Pros and Cons of Investing in REITs
Pros:
- Diversification in real estate without owning physical property.
- Liquidity and ease of buying and selling REIT shares.
- Regular income through dividends.
- Professional management of properties, reducing the hassles of property ownership.
- Attractive yields and potential for capital appreciation.
Cons:
- Market risk affecting property values.
- Tax implications on dividends and capital gains.
- Dependency on the real estate market's health.
- Management fees may impact returns.
Taxation Regulations for REITs
When it comes to income from REITs, investors encounter distinct taxation rules for dividend income and capital gains. Furthermore, the tax treatment differs when redeeming investments made through an International REITs Fund of Fund. Here's an overview of the applicable taxation rules:
- Taxation of Dividends: Under current regulations, dividends received from REITs are subject to full taxation in the hands of the investor. Dividend disbursements from REITs are incorporated into the investor's annual income and taxed in accordance with the applicable financial year's tax slab rate.

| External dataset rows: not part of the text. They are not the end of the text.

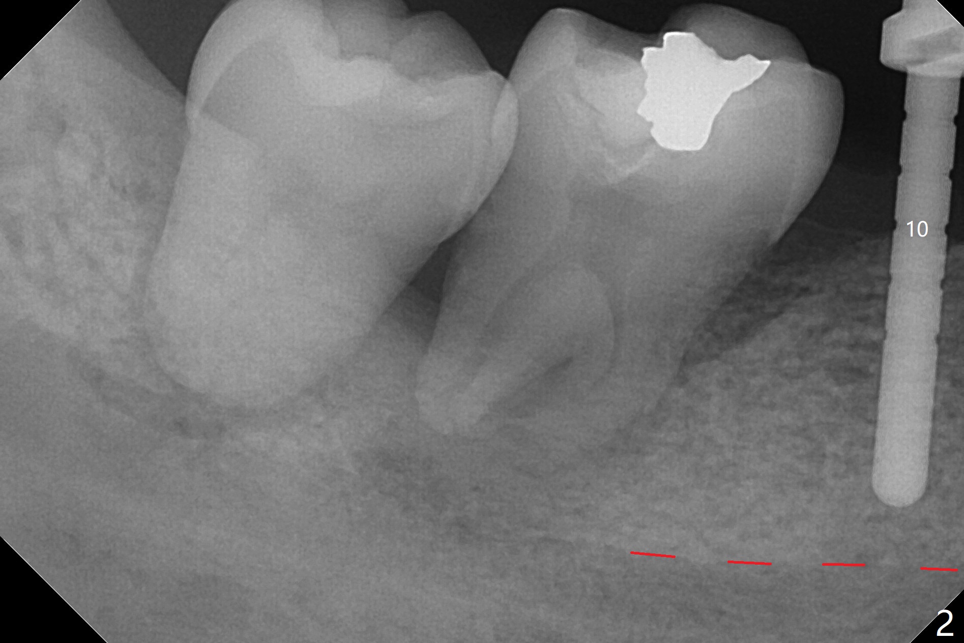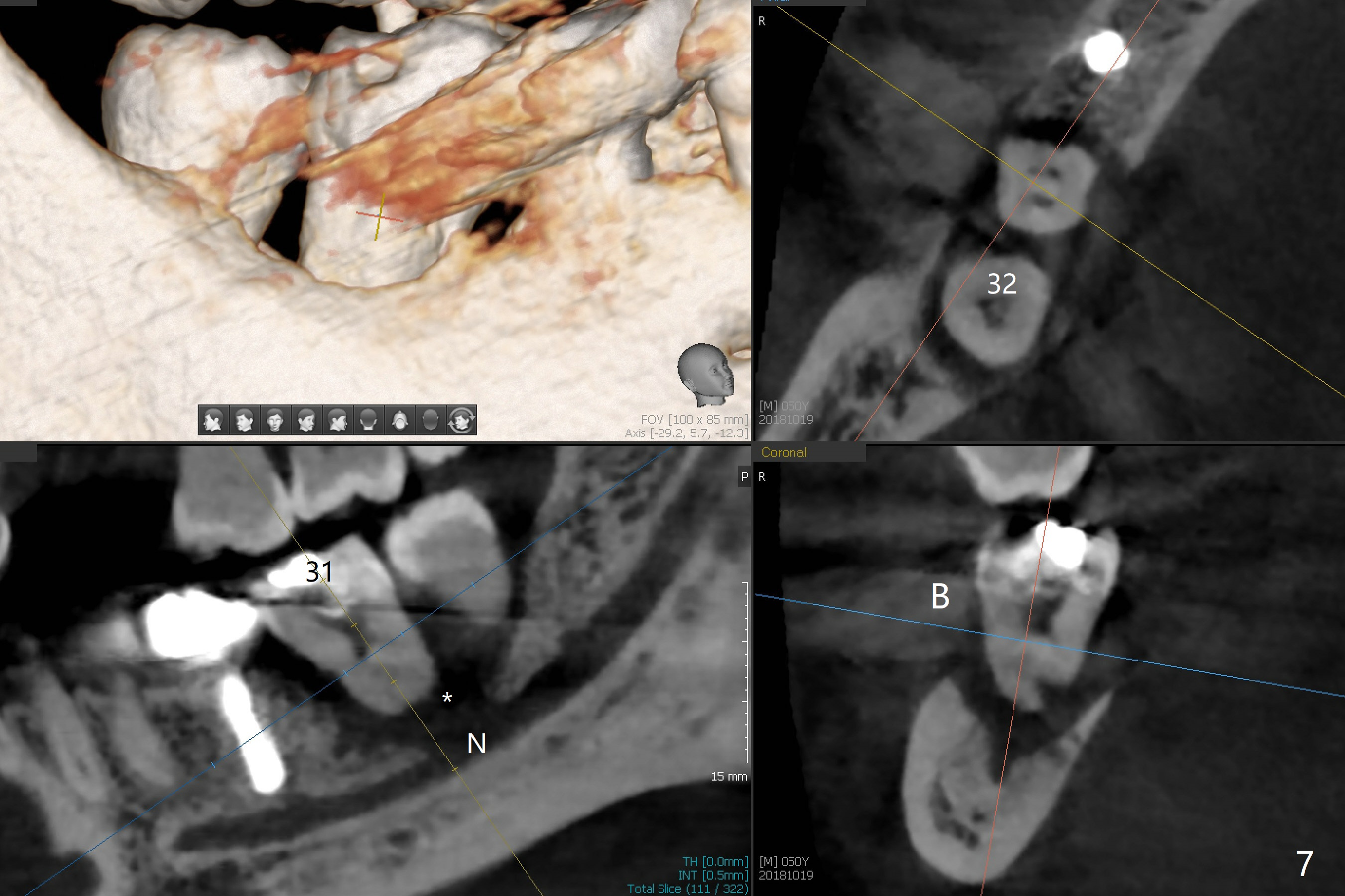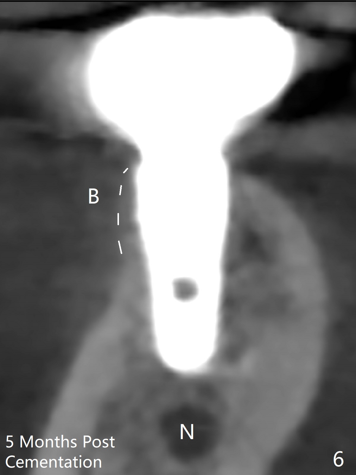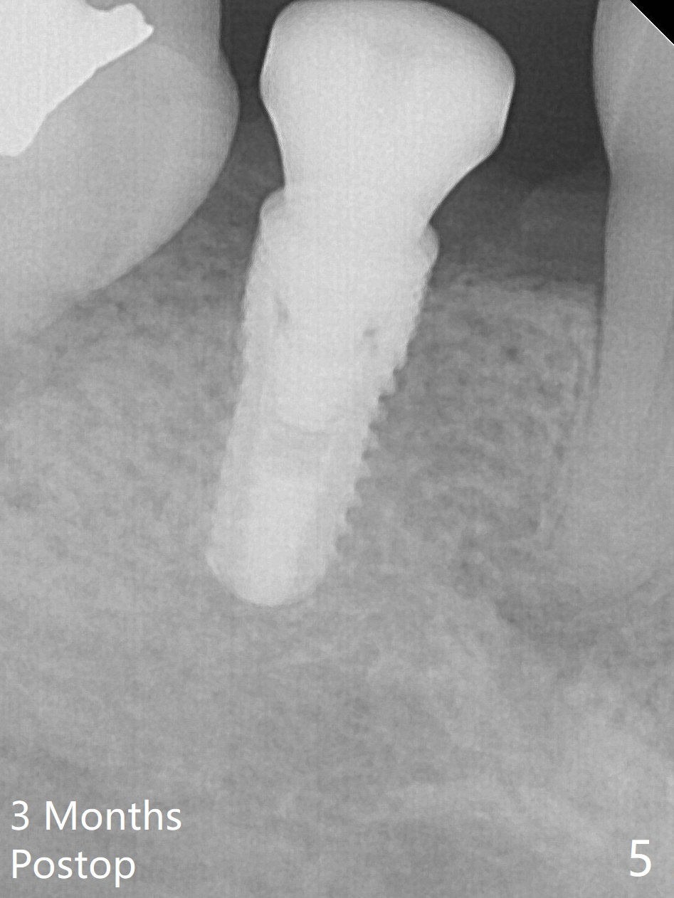 The ridge at #30 is not so narrow (Fig.1). Initial depth is 10 mm with 2 mm from the Inferior Alveolar Canal (Fig.2,3 red dashed line). A 4.5x10 mm implant is placed with > 50 Ncm; a 6.2x5(3) mm healing abutment placed (Fig.4). The implant is stable and seems to be ready for impression 3 months postop (Fig.5). CT taken 5 months post cementation shows that the implant could be placed more lingually (Fig.6 (coronal section; B: buccal)). Periradicular radiolucency at #31 (Fig.7 *) is continuous with the Inferior Alveolar neurovascular bundle (N). After extraction, care should be taken to remove granulation tissue. The tooth #32 will be extracted simultaneously because of severe bone loss.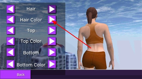 1、进入角色自定义界面后,点击Hair Color旁边的箭头按钮,就能切换头发的颜色,通过这种方式可以打造出具有个性化的角色外观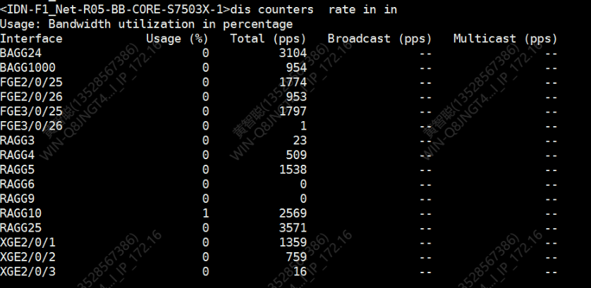 您好,可以使用dis int gi 类似的命令查看最新300秒的流量情况。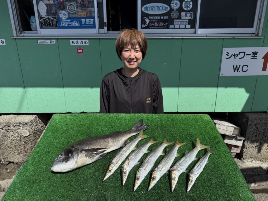 船外機ボートで岡崎さんがシオ、ツバス、オオモンハタ、カワハギをゲット。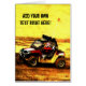 Déchirures audacieuses d'un conducteur de sports automobiles à travers la saleté dans son côte à côte atv de service tous terrains ou utv de SXS. Le rouge et le blanc ont coloré la peinture avec l'assortiment racegear et le casque, sur un arrière - plan jaune et brun. Le style de bande dessinée de gouache a peint l'effet dérivé d'une photographie d'action de sports d'original.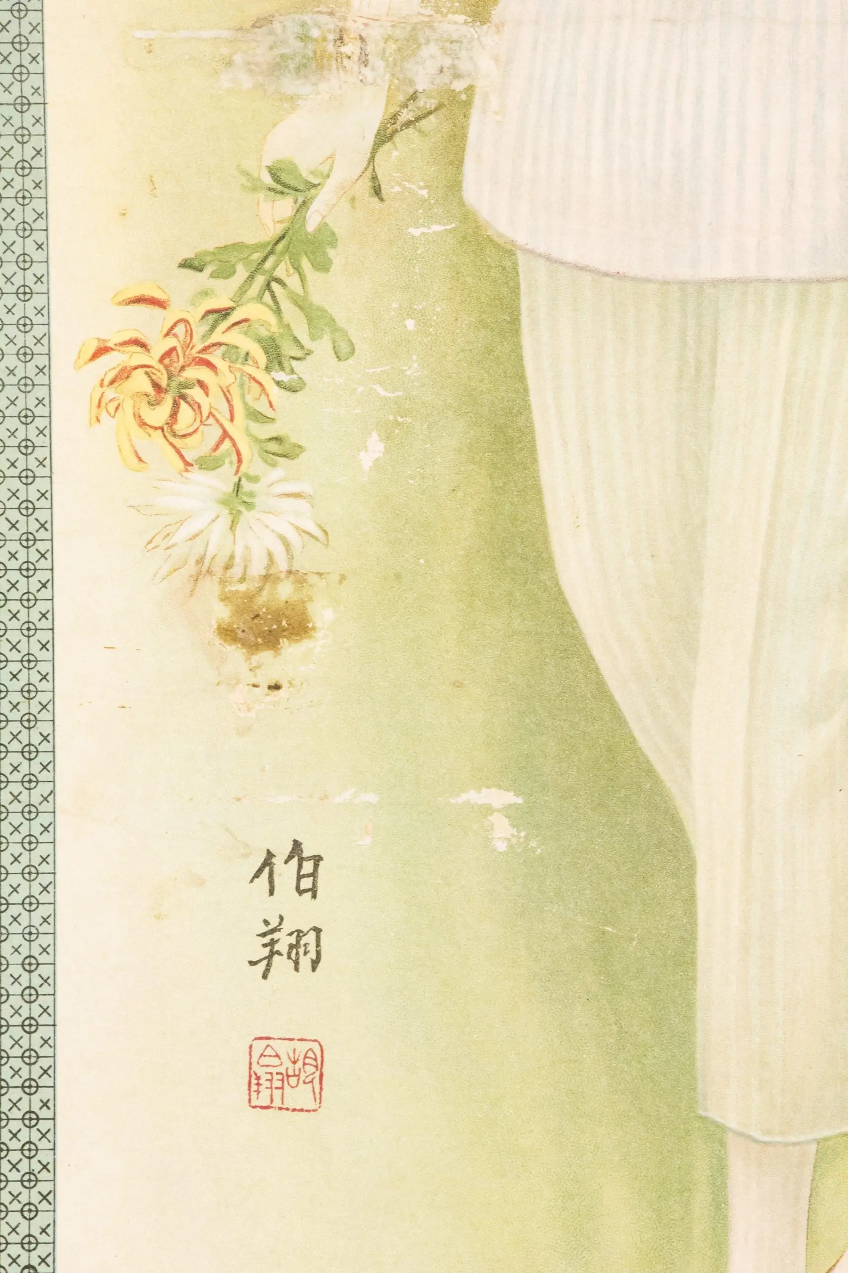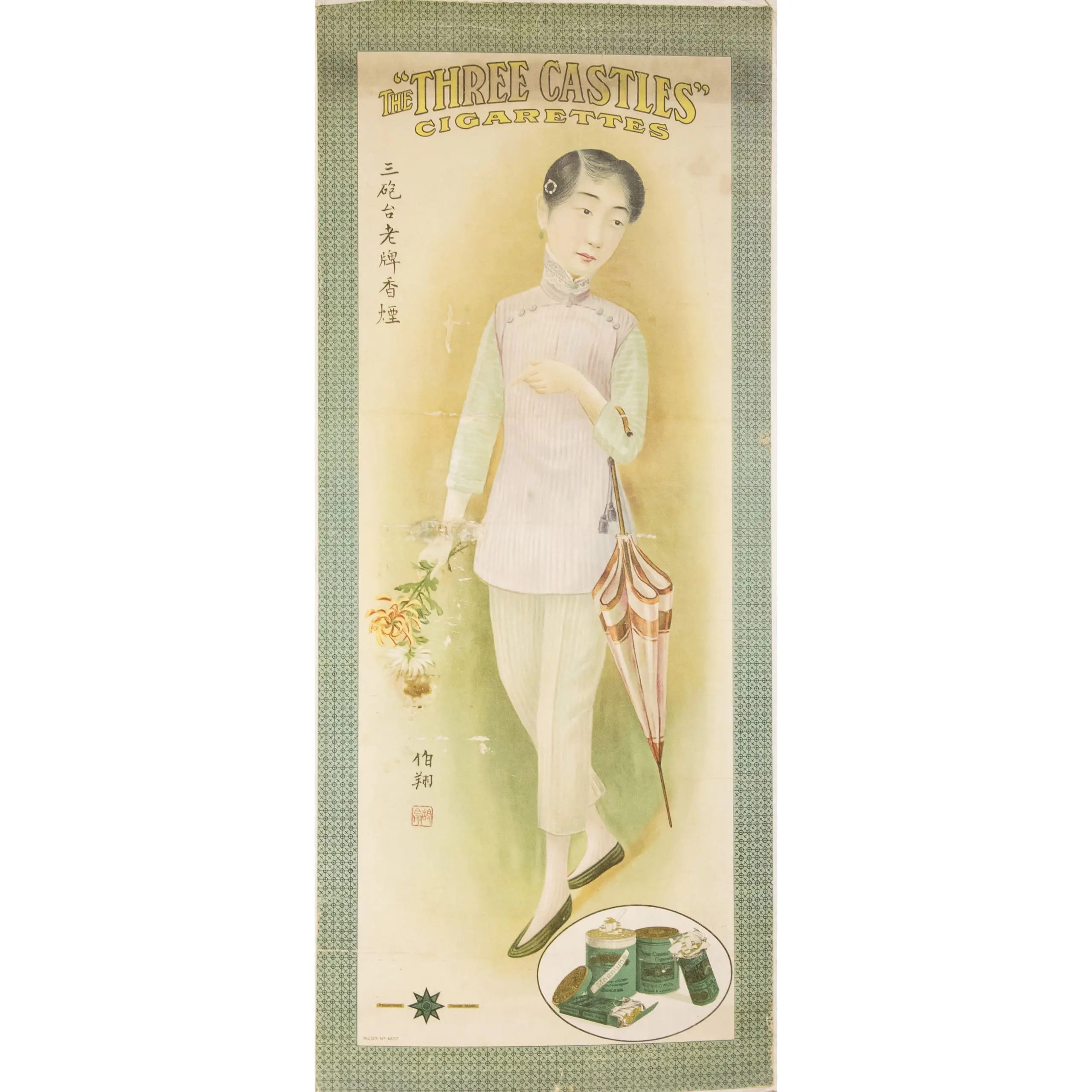 | Description | A refined 1930–33 “Three Castles” cigarette advertisement by Boxiang depicting a poised modern woman holding chrysanthemums and a parasol. |

- Taxation of Capital Gains: Capital gains resulting from the sale of REIT units fall under the purview of Short-Term Capital Gains (STCG) and Long-Term Capital Gains (LTCG) taxation, similar to equity investments. STCG applies if the units are held for one year or less from the date of unit allocation, with a tax rate of 15% on the capital gains from unit sales. In cases where the holding period exceeds one year from the unit allocation date, LTCG taxation rules come into play. The LTCG tax rate stands at 10% for gains exceeding Rs. 1 lakh (across all equity investments for the relevant financial year), without indexation benefits.
- Taxation of Capital Gains for International REIT Fund of Funds: Capital gains from the sale of units of International REITs Fund of Funds are subject to non-equity Capital Gains taxation rules. In this scenario, STCG applies if the units are held for three years or less (calculated from the unit allocation date), and the STCG rate aligns with the investor's slab rate for the financial year. For units held for over three years from the unit allocation date, LTCG taxation applies, with a rate of 20% on indexed capital gains.
Tips to Assess Real Estate Investment Trusts
- Research the Portfolio: Analyse the types of properties held in the REIT's portfolio, their locations, and occupancy rates.
- Check Dividend History: Review the REIT's dividend distribution history to gauge its stability and growth.
- Understand Management: Assess the expertise and track record of the REIT's management team.
- Consider Tax Implications: Understand the tax treatment of REIT income and gains in India.
- Diversify Your Investments: Spread your investments across various REITs to reduce risk.
Who Should Invest in REITs?
REITs are suitable for investors looking to diversify their portfolio with real estate investments without the responsibilities of property ownership. They are ideal for those seeking regular income through dividends and potential capital appreciation. However, individuals should have a reasonable understanding of the real estate market and be willing to tolerate market volatility.
In conclusion, investing in Real Estate Investment Trusts (REITs) offers a convenient way to access the real estate market in India. By understanding how REITs work, the types available, and the steps to invest, you can make informed investment decisions. However, it's crucial to consider the pros and cons, perform due diligence, and align your investment goals with the right REITs.